Unsymmetrical nickel (PCN) pincer complexes with a benzothiazole side-arm: Synthesis, characterization and electrochemical properties

[Display omitted] •A benzothiazole (PCN) pincer ligand has been designed and synthesized in good yields.•The NiII complexes (PCN)NiBr and (PCN)NiF show a peculiar electrochemical behavior.•“Green” complex activation through external currents is a promising perspective.
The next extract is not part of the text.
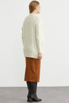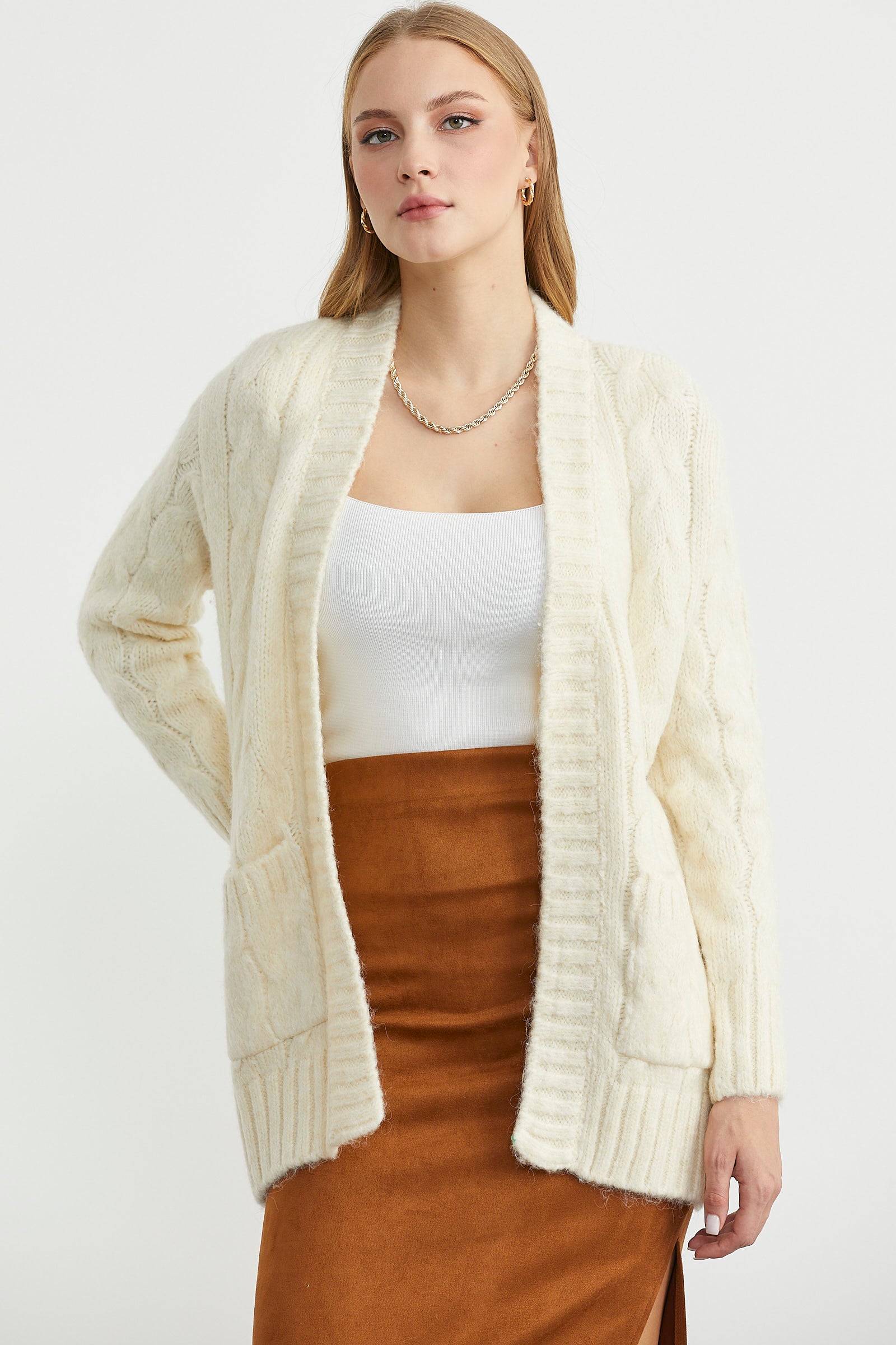 Saç Örgü Motifli Cepli Triko Hırka - Kemik
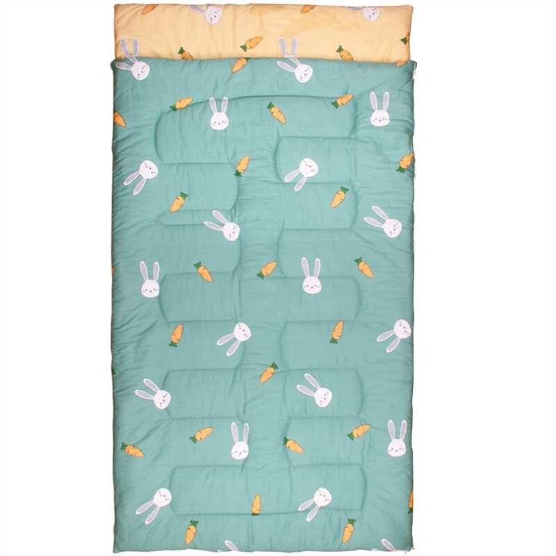 かわいいうさぎと人参をあしらった子供から大人まで使えるキャンプ用シュラフです。

The newly prepared unsymmetrical pincer ligand with a benzothiazole side-arm 2-(3-((di-tert-butylphosphino)methyl)phenoxy)benzo[d]thiazole [BzTz(H)PCN] has been reacted with anhydrous NiBr2 to get the corresponding NiII square planar bromo complex (BzTzPCN)NiBr (1) after HBr elimination and CH activation on the pincer central phenyl ring. Starting from 1, reaction with AgF in toluene or with AgBF4 in THF led to bromide abstraction and formation of the fluoro complex (BzTzPCN)NiF (2) and the ionic aquo species [(BzTzPCN)Ni(H2O)]BF4 (3), respectively. All species have been characterized in solution (multinuclear 1H, 13C{1H}, 31P{1H} and 11B NMR spectroscopy) and in the solid state (single-crystal X-ray diffraction analysis). Finally, comparative electrochemical measurements (CV and in situ EPR-spectroelectrochemistry) carried out on the halide complexes 1 and 2 revealed that the anodic oxidation process leads to the formation of stable NiIII species bearing a coordinated bromide ligand in case of 1 and a fluoride-free complex in case of 2.